Александр I - страница 14
Это черты диктатора. (Естественно, в том мягком смысле, какой придавал этому слову XVIII век.)
Случайно ли, что в 1798 году, став после антибернского восстания руководителем Швейцарской директории, сверхлиберально настроенный Лагарп немедленно ввел жесткую цензуру, изгнал Лафатера, в 1799 году уничтожил Совет, чтобы стать консулом (то есть маленьким швейцарским Наполеоном), объявил всю Швейцарию военным лагерем, каждого ее жителя – солдатом и, в полном согласии с утопией Платонова «Государства», запретил театральные действа, ибо театры неуместны, когда кипит война? Случайно ли, что, после поражения и изгнания приехав в Россию (август 1801-го) и вновь застав любимого воспитанника между молотом и наковальней, на сей раз – между «екатерининскими стариками» и «молодыми друзьями», боровшимися за сферы влияния, он посоветовал – не отказаться от планов самоограничения власти, не поменять стратегию, сосредоточившись на земельных проблемах, не апеллировать к мнению несановных дворян, а затаиться. Вести свою линию втайне, за плотно прикрытыми дверями секретных комитетов. И главное – заняться реорганизацией «властных структур»… (То же советовал и граф Аракчеев.)
Впоследствии Лагарпа упрекали многие и во многом. Практический Адам Чарторыйский иронизировал: «Лагарп принадлежал к поколению, воспитанному на иллюзиях конца XVIII века, – к тем людям, которые воображали, что их доктрины, как новый философский камень, как новое универсальное средство, разрешали все вопросы и что одними сакраментальными формулами можно рассеять все многообразные препятствия, выдвигаемые практическою жизнью при осуществлении отвлеченных идеалов. У Лагарпа было для России свое всеисцеляющее средство, о котором он распространялся в своих писаниях так многоречиво, что у самого императора не хватало терпения дочитывать их. Я вспоминаю, между прочим, что он напал на выражение «регламентированная организация», которому он придавал, не без основания, большое значение, но которое повторял беспрестанно и с такой настойчивостью, что выражение это, в конце концов, стало его прозвищем»[34].
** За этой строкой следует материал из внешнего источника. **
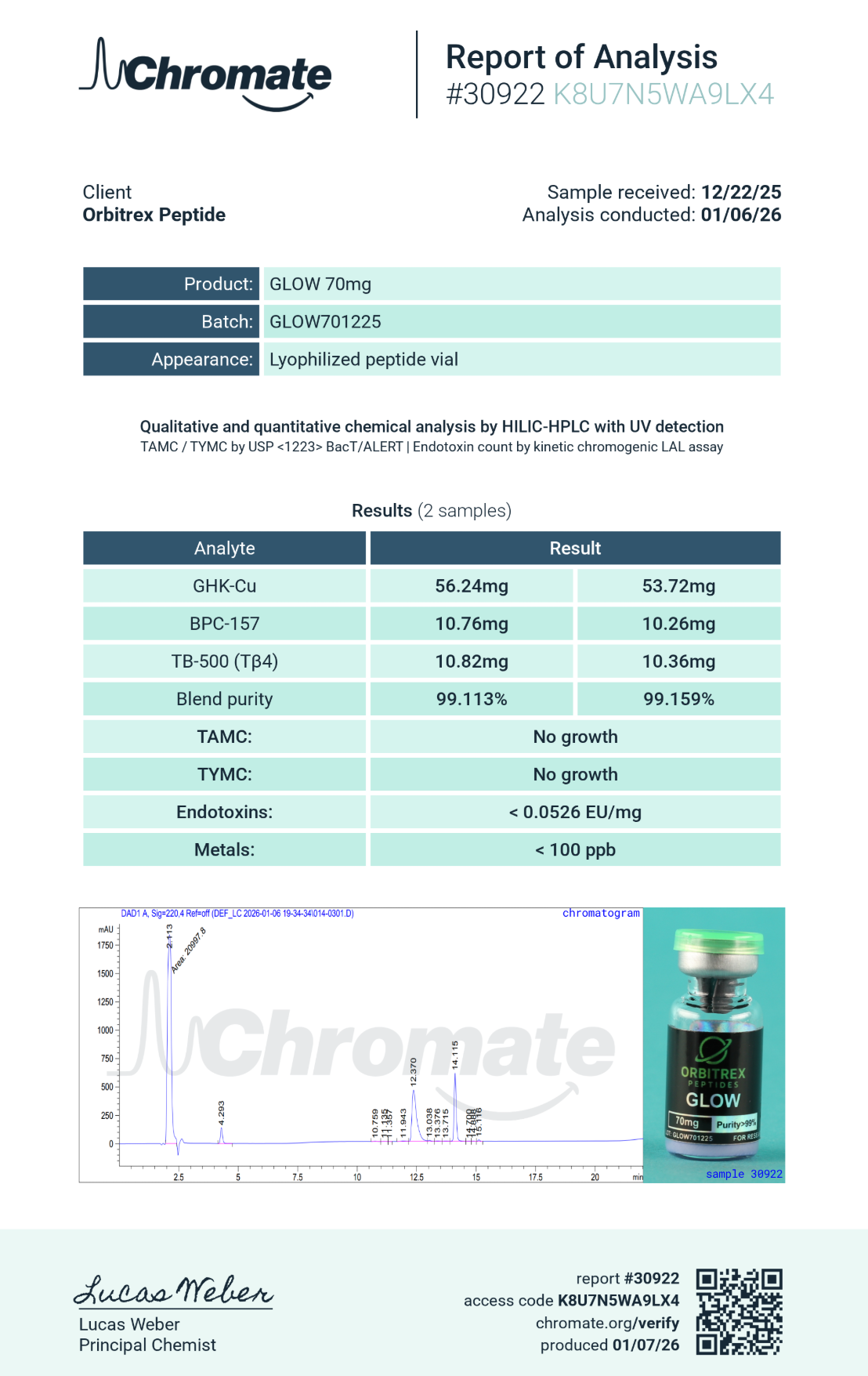 We mandate strictly >99% purity for the GLOW 70 Peptide Blend, ensuring your laboratory receives uncompromised materials entirely free from binders, heavy metals, synthetic impurities, or manufacturing byproducts. When you source your materials from Orbitrex, you are sourcing reliability.

Вряд ли Чарторыйский был прав – до конца. Вряд ли до конца справедлив был автор английской «Истории Наполеона», бросивший полупрезрительно: «На нем (русском царе. – А. А.) отразилось влияние его воспитателя, француза Лагарпа. Александр не мог сбросить с себя ту соединенную с тщеславием чувствительность, которая превращает доброжелательный поступок в театральную сцену и опьяняется аплодисментами»[35]. Скорее наоборот – Лагарп был едва ли не единственным из окружения великого князя, кто делал все, чтобы склонность к эффектному жесту соединилась в Александре с верностью благой идее, чтобы пустота душевного излома начала заполняться.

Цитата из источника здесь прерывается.